Penulis: Tri Astuti | Foto: Aulia Erlangga dan Sintia Rahayu Finaliza

Foto: Dokumentasi Pribadi Sintia

Foto: Aulia Erlangga

“Sekolah” di Kebun

Penulis: Tri Astuti | 29 Juli 2021

Sumber Cerita: Sintia Rahayu Finaliza

Sintia Rahayu Finaliza lahir di desa Ranupani, Tengger, 15 tahun yang lalu. Ia dibesarkan dengan balutan adat Tengger. Adat pula yang mengukuhkan namanya yang sekarang melalui tradisi “ujar-ujar” yakni kepercayaan untuk mengganti nama bayi atau anak kecil yang sering rewel dan jatuh sakit. Itulah yang dialami Sintia saat usianya satu tahun, konon itu karena keberatan nama. “Jadilah kami ganti nama Indri Rahayu menjadi Sintia,” demikian Mak Rin, ibu Sintia menceritakan asal-usul nama putri tunggalnya.
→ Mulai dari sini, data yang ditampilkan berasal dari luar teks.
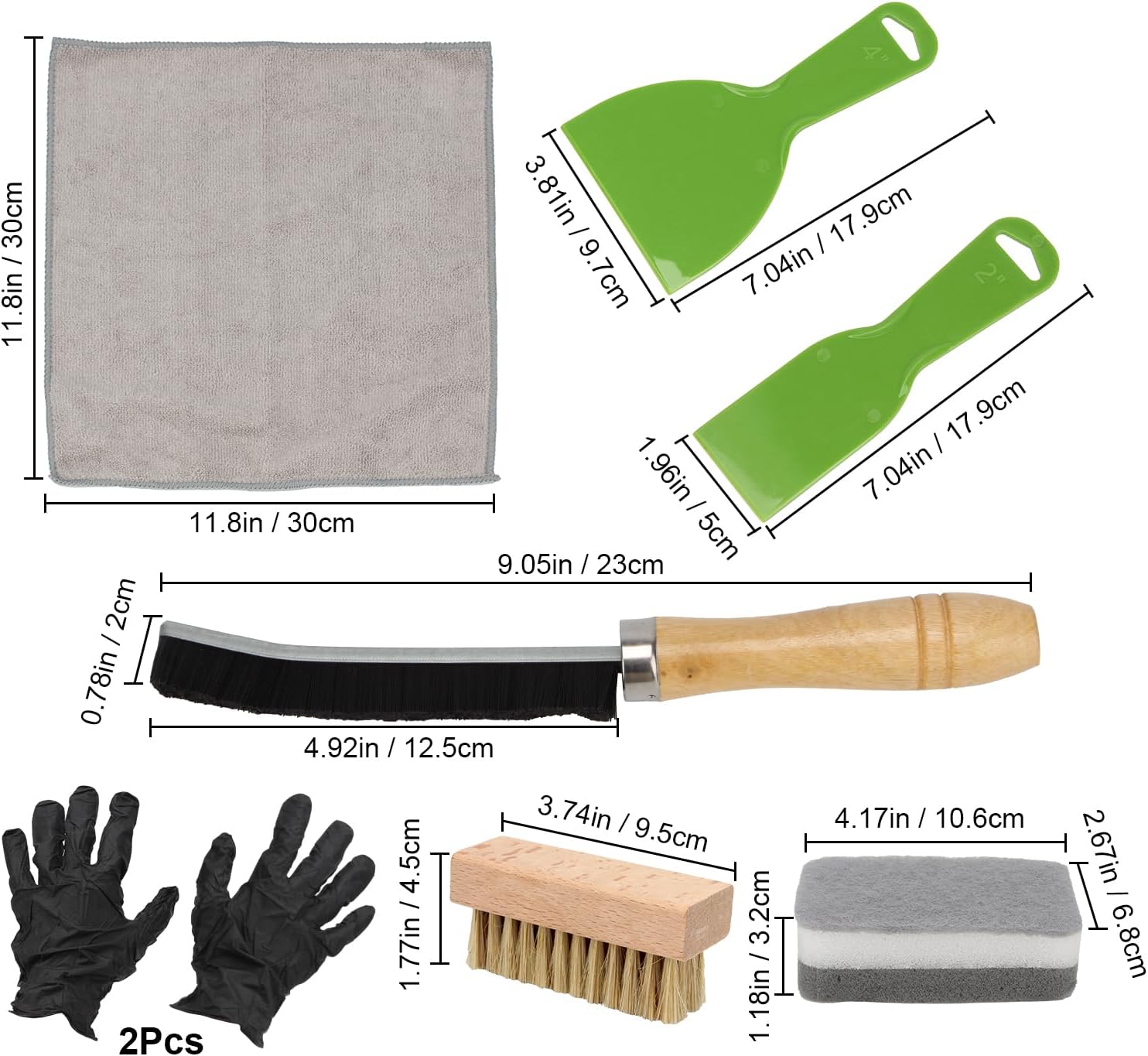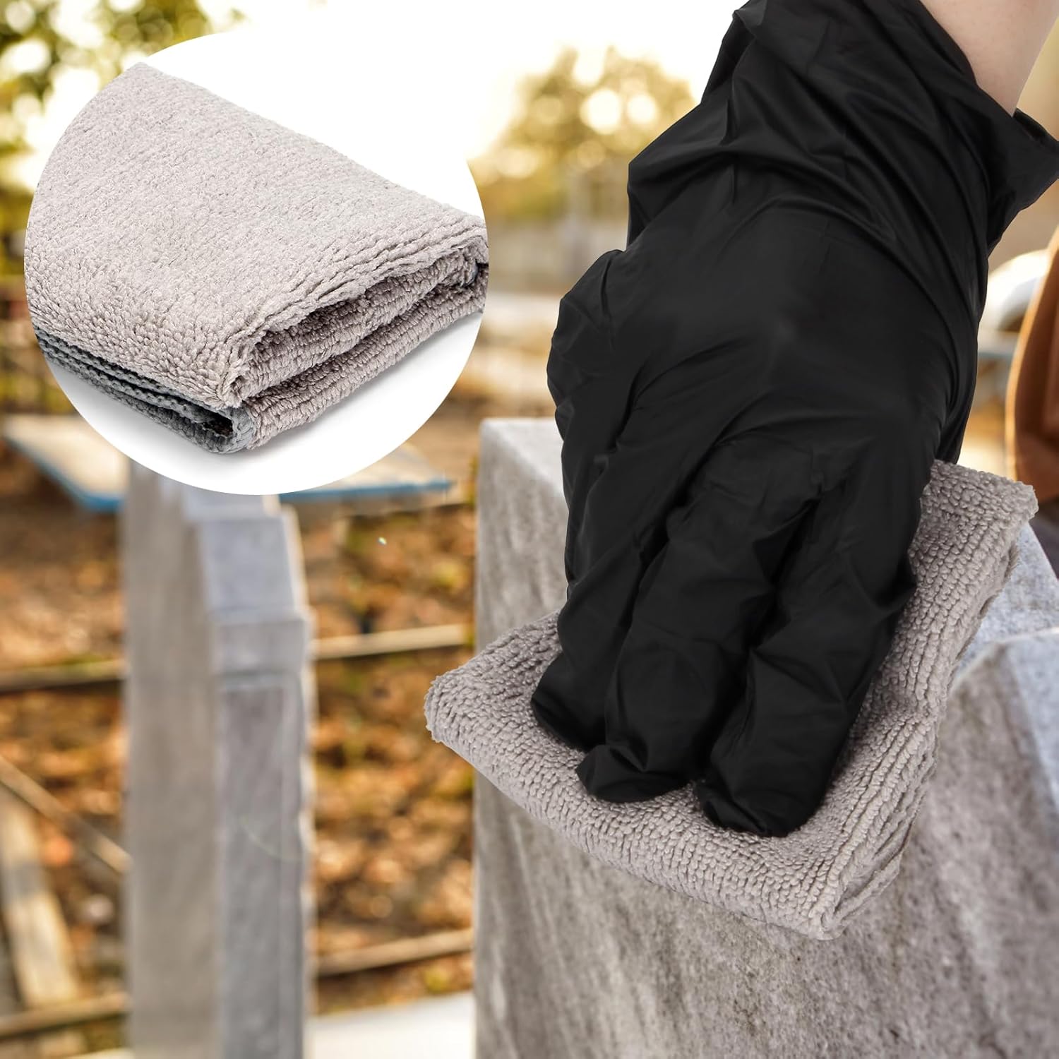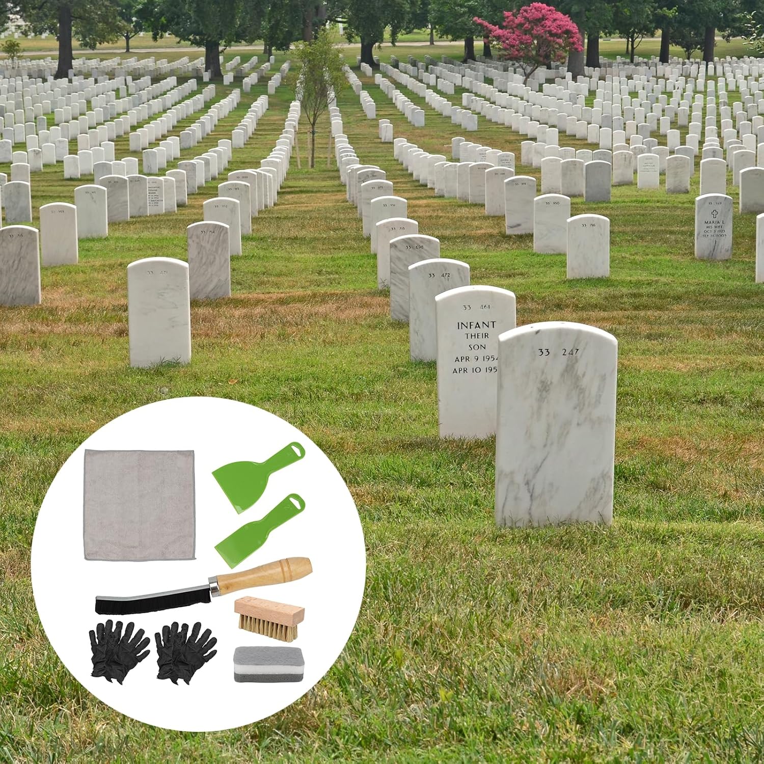 Complete Cleaning Set: The headstone cleaner kit Includes 8 essential tools, Featuring 1 gray microfiber cloth, 1 bristle crevice cleaning brush, 1 scrub brush, 2 pairs of black disposable gloves, and 1 headstone cleaning sponge, and 2 green plastic scraper.
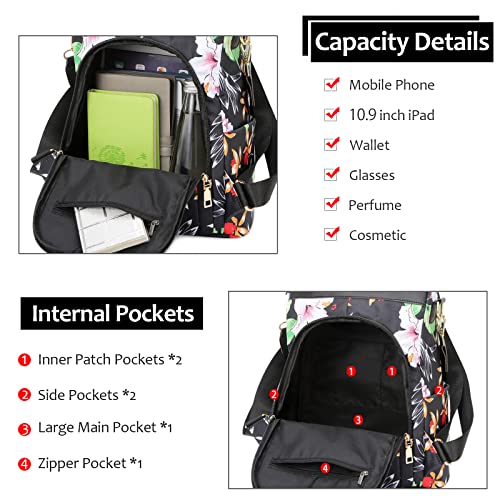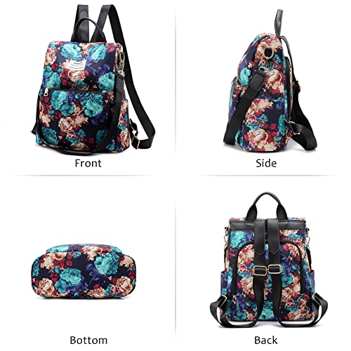 FORRICA Borsa Zaino Donna Stampa di Moda Borsa a Tracolla Antifurto Zainetto Casual Tessuto Oxford Ragazza Scuola Daypacks Zaino Viaggio Fiore B
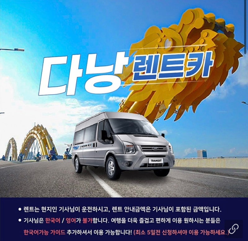 다낭 렌트카는 승객 수에 따라 달라지므로 탑승 인원이 몇 명인지 아는 것이 중요합니다. 4인승: 최대 2명 7인승: 최대 5~6명 / 짐이 있는 경우 최대 4명 16인승: 최대 8~13명 / 짐이 있는 경우 최대 1인 기본 예약비 8명까지는 20,000원입니다. 4인은 6시간에 20달러, 7인은 25달러입니다. 가장 많이 이용하는 12시간 기준 4명이 30달러, 예약비까지 포함하면 6만원 안팎이다. 하루 12시간 사용하는데 6만원이면 2인이 각각 3만원만 내면 정말 저렴한 것 같아요. 여기를 클릭하시면 자세한 가격을 확인하실 수 있습니다. 다낭 가볼만한 곳을 모아보세요. 다낭렌터카 당일치기 여행 코스입니다.
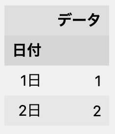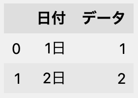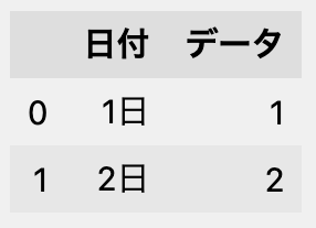 「日付」の列は文字列のためobjectとなり、「データ」の列は整数のため「int64」となります。

Seperti anak-anak Ranupani lainnya, Sintia sudah dibawa ke kebun sejak usianya 40 hari. Jadi, bukan hal yang aneh jika anak-anak di sana merasakan sekolah kehidupan pertama sebagai orang Tengger di kebun. Mereka tumbuh dan bermain di kebun sembari mengamati rutinitas orang tuanya bekerja. Di usia 11 tahun, Sintia mulai mendapat kepercayaan dari orang tuanya untuk mengolah gaga (kebun). Ia sudah tahu bagaimana caranya menanam kentang, cabai gunung (lombok terong) dan bawang prei (bawang daun). Ia mengerjakan segala sesuatunya sendiri, mulai dari mencangkul, menanam, hingga panen dan menimbang hasilnya untuk dijual. Semua pengetahuan tersebut ia dapatkan dari orang tuanya melalui praktik langsung di kebun.

Sama seperti remaja yang lain, Sintia juga gemar olahraga dan berkumpul dengan teman-temannya. Ia dikenal sebagai anggota tim voli putri, juga aktif di kelompok rebana atau terbangan Nurul Qolbi yang berkumpul setiap hari Minggu.

Sintia sudah lulus SMP Satu Atap Ranupani tahun lalu. Orang tuanya menawari untuk melanjutkan ke SMA di kota kecamatan Sendura atau Tumpang, karena tidak ada SMA di desa mereka. Namun Sintia enggan karena itu berarti ia harus meninggalkan kebunnya. Ia memilih untuk mengikuti Paket C saja. Kalau saja pelajaran di sekolah bisa mendukung praktik berkebunnya, mungkin Sintia akan lebih antusias melanjutkan sekolah.